I'm a confident grown up woman, despite the fact I'm forever stuck looking eighteen.
I'm sure that will have its perks.
Hopefully.
Elphaba begins to cry all of a sudden, but hear tears are strange, quiet, almost muffled.
I think she's trying to stop me from hearing her sobs.
"Elphie." I breath in and out slowly, she look up at me, nodding slowly "can I have a hug?"
Elphaba leaps forward suddenly, flinging her arms around my sides.
Admittedly it's not helping my headache but it feels good to be held like this again.

After a while, Elphaba finally lets me go, I look out of my bedroom door, towards the office.
The memory of the glowing report comes back.
Boc is doing an amazing job, it's awfully petty of me to wish that he wasn't.
I should be putting the students before everything else, I normally would but I'm just upset that I'm not working and Boc has been finding it all so easily, I've always found being headmistress a challenging yet rewarding job.
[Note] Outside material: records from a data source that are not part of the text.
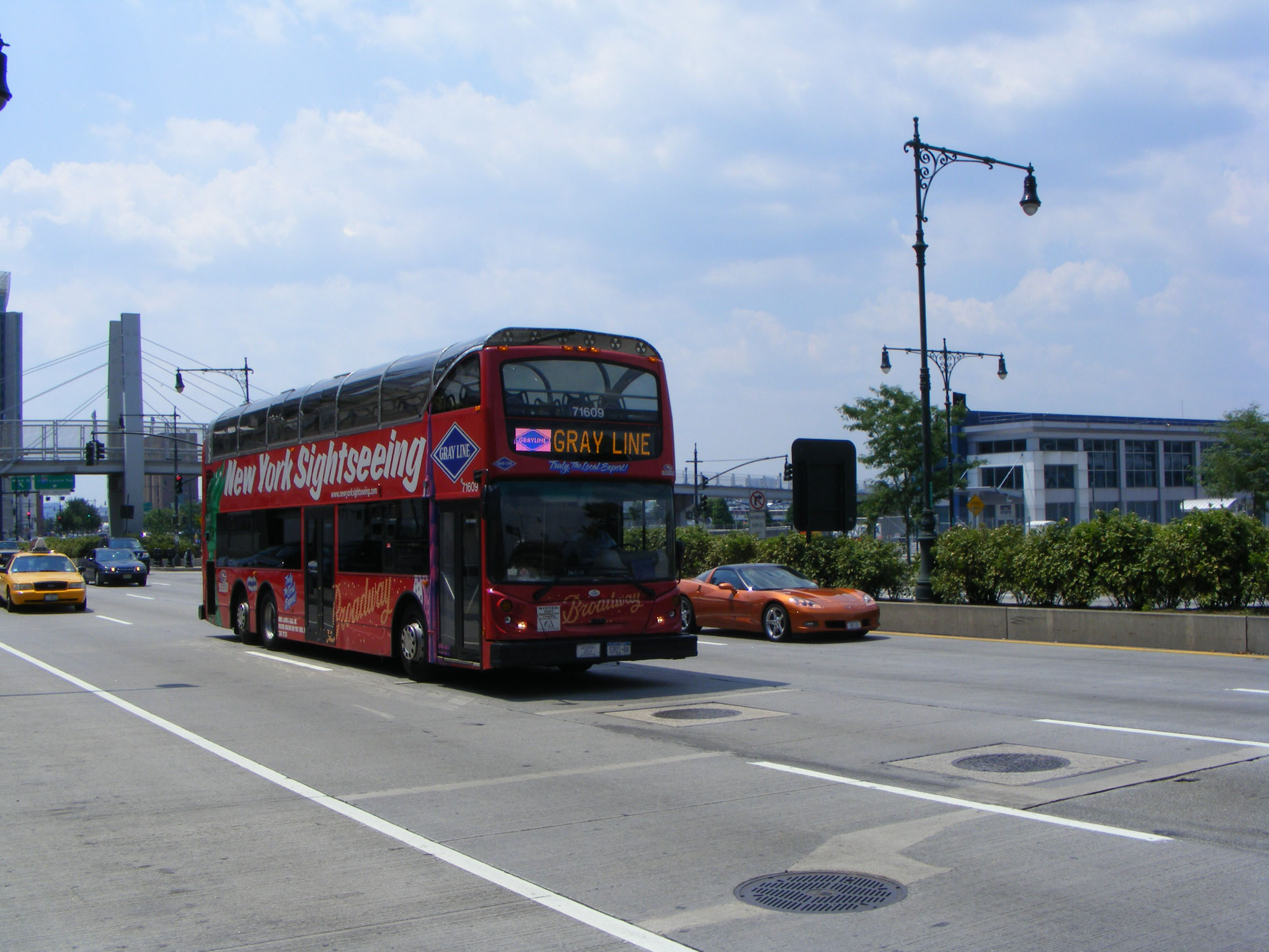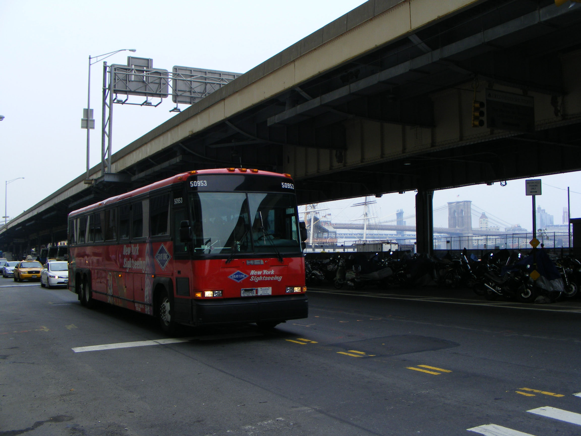 Not all of the New York Sightseeing fleet is doubledeck, MCI 50953 is seen near Washington Bridge. There are Gray Line/CoachUSA tours beyond the confines of Manhattan Island. The open top tours also double as a City Sightseeing franchise and are bookable through the City Sightseeing website. |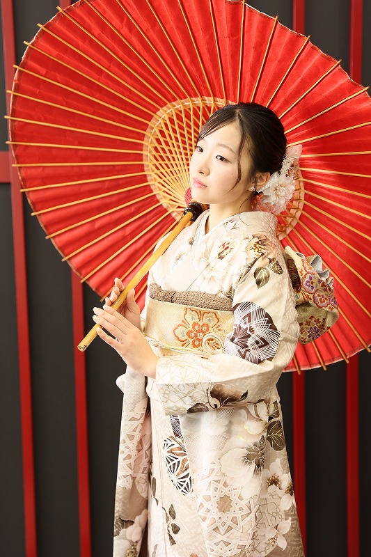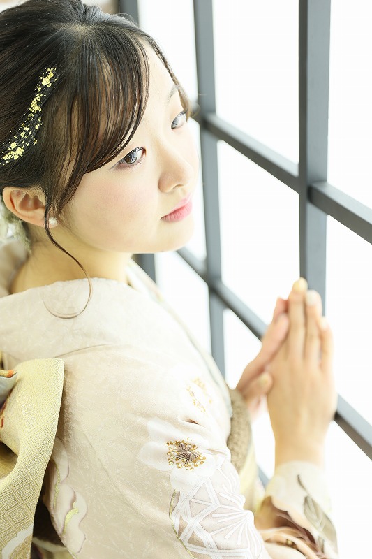 この記事ではベージュの振袖を着てくださった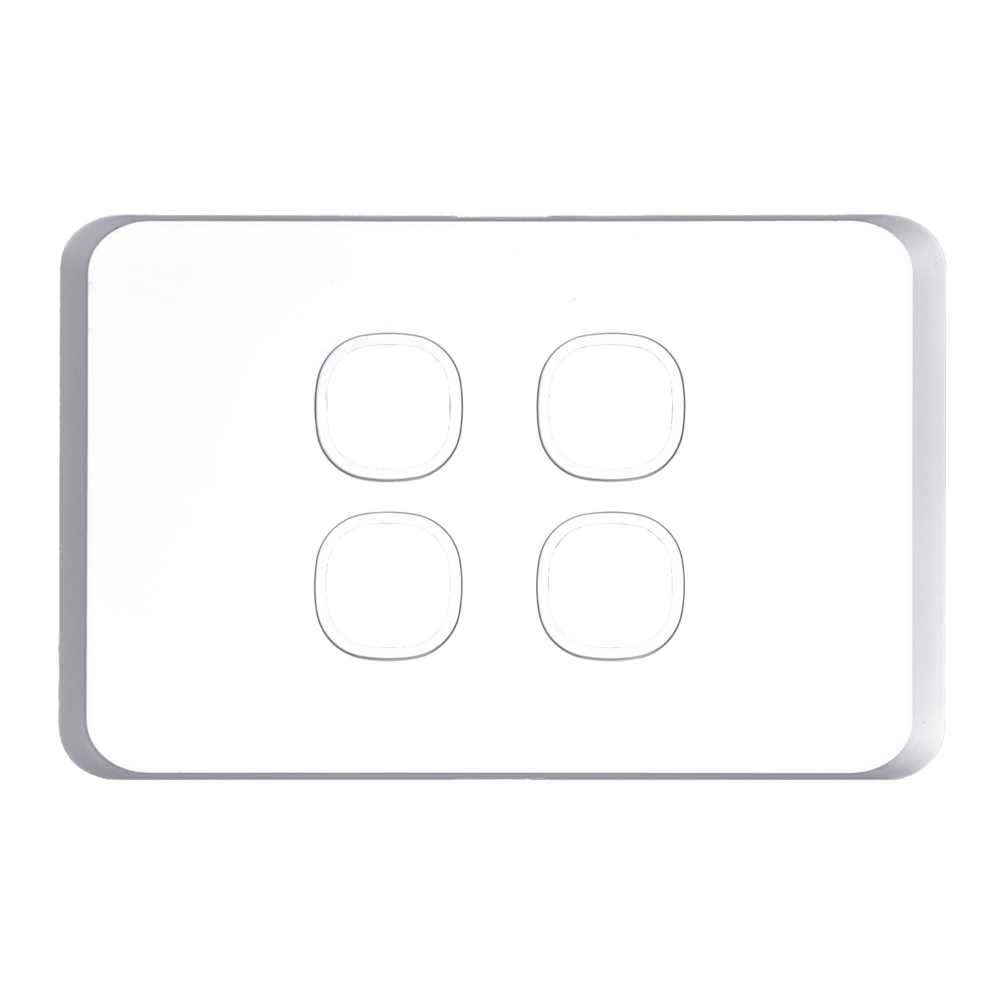 TRADESAVE Sleek 4 Gang Switch Plate ONLY. Accepts all Tradesave Mechanisms. Moulded in Flame Resistant Polycarbonate. Fade Resistant. Matt White

But Boc seems to find it to be a cakewalk.
"Elphaba am I difficult?" I ask bluntly, Elphaba looks astonished.
She shakes her head rapidly,
"No!" She stares at me deeply "why ever would you ask that?"
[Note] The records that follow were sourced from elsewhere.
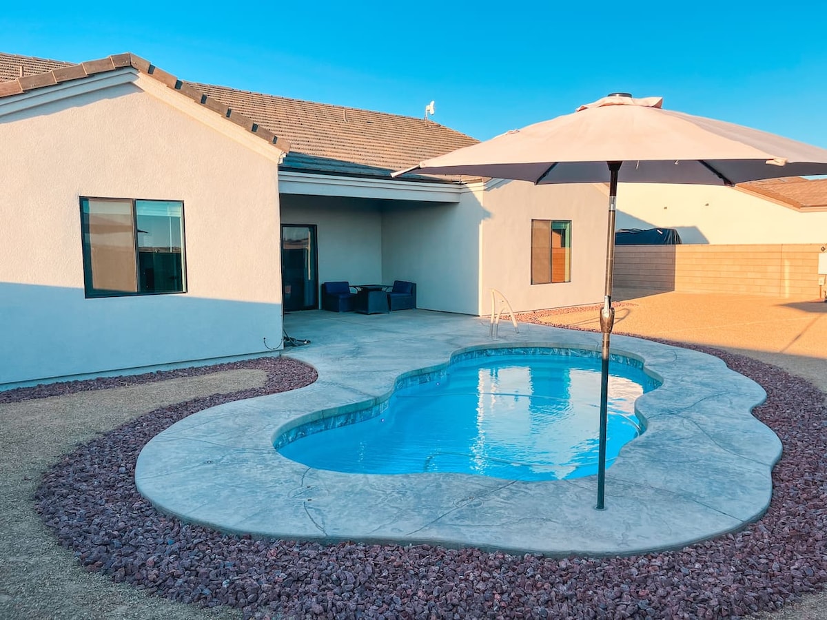 Welcome to our Desert Oasis. We have the perfect spot for you!! Enjoy a day at the lake, an afternoon on a Razor or a night at the casino our home is the spot to enjoy the beauty of Arizona desert. Enjoy Netflix on 80in TV or lounge in the volleyball pool(3.5 sides/5ft middle). BBQ and dine under covered patio. Friendly neighborhood. Quiet hours: 10pm-7am. Parking in driveway and street (no garage access) side parking for razors. no pets, NO SMOKING! ABSOLUTELY NO FIREWORKS!!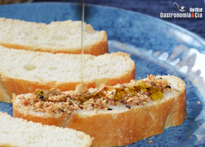 Esta es nuestra dukkah de avellanas y neguilla, y otras tantas especias y semillas que a continuación os indicaremos. Para quien no conozca qué es dukkah, además de invitaros a leer este post, decir que se trata de un condimento o ingrediente de origen egipcio con un uso culinario muy amplio, y que tradicionalmente se sirve sobre una rebanada de pan con aceite de oliva, o se mezcla moja el pan pita en aceite y después en dukkah para que se quede adherido, y es un aperitivo delicioso, exquisito.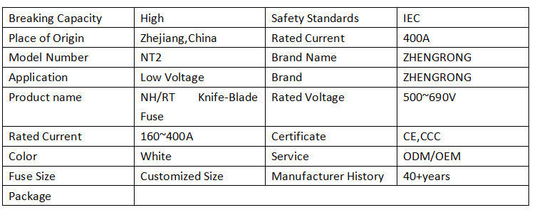 ZHENGRONG NT2 315A 500V Sekring keramik kothak biasane digunakake ing peralatan listrik industri, sistem daya lan peralatan elektronik kanggo nglindhungi sirkuit saka kakehan lan sirkuit cendhak.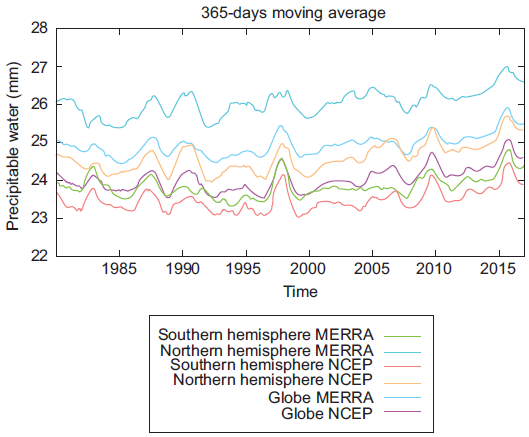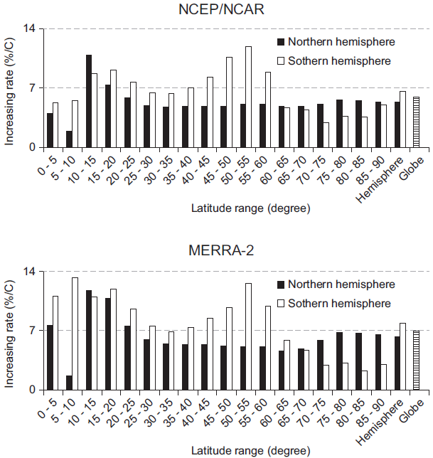 However, no comprehensive studies have yet been conducted to discuss the relationship between extreme precipitable water events and temperature. Previous studies did not give enough consideration to this topic because their main objective was to investigate the relationship of extreme precipitation events with temperature. Although the increase of atmospheric water vapor with temperature is obvious from the CC relationship as well as some previous studies (e.g., Allen and Ingram, 2002; Held and Soden, 2006; Nayak and Dairaku, 2016; Nayak et al., 2017), it is unclear if a relationship between extreme precipitable water events and temperature changes exists and if it follows the CC relationship. How robust is this relationship in both hemispheres and latitude intervals? This study intends to answer these questions by analyzing two reanalysis datasets over the globe for the period 1980-2017 (38 years): (1) the National Centers for Environmental Prediction/National Center for Atmospheric Research (NECP/NCAR) data; and (2) the Modern-Era Retrospective Analysis for Research and Applications, v. 2 (MERRA-2) data.

I rethink my question, the word difficult can mean a lot of different things.
"I loose control really easily." I mumble, I think I'm about to cry, I hate the feeling of tears right at the back of your throat and there's nothing you can do about it.
"I shout or cry at people so often." I start to splutter "people have seen me mad more than they have happy."
Without warning Elphaba suddenly flings herself around me again, this time I can feel her crying, the sudden jerking movements that she makes to try and contain her tears.
"I know!" She cries "I know your not happy but I just don't know how to help, all I want is to help."
I wrap my arms around her in return and begin to cry myself.
"I don't know why either, I just am." I gasp through tears, "it's just like a wave of nothingness."

Elphabas grip toughens, I don't plan on letting her go and I don't think she's ever going to let me go either.
"I love you so much Elphaba." I whisper into her hair, all of a sudden she just stops crying, like the blanket of sadness had just been lifted away.
"You haven't told me that in so long." She reply's, "I've missed hearing it."
She said that it such a way that it's making me laugh.
Elphaba joins in nervously, she gently eases herself off of me and stares up into my sorrowful eyes.
"You still look like mother, even when your upset, you look just like her." Elphaba mumbles.
"Elphie, I'm scared."
She looks confused and rests a hand on my lap, I watch her do so.
It upsets me for some reason, since I know it's there but can't feel the weight of it, so I gently slide my hand underneath hers.
"Scared of what?" Elphaba asks lovingly.
I blink, forcing a cascade of tears to fall upon my cheeks.
"I'm used to feeling sad, it's almost my default."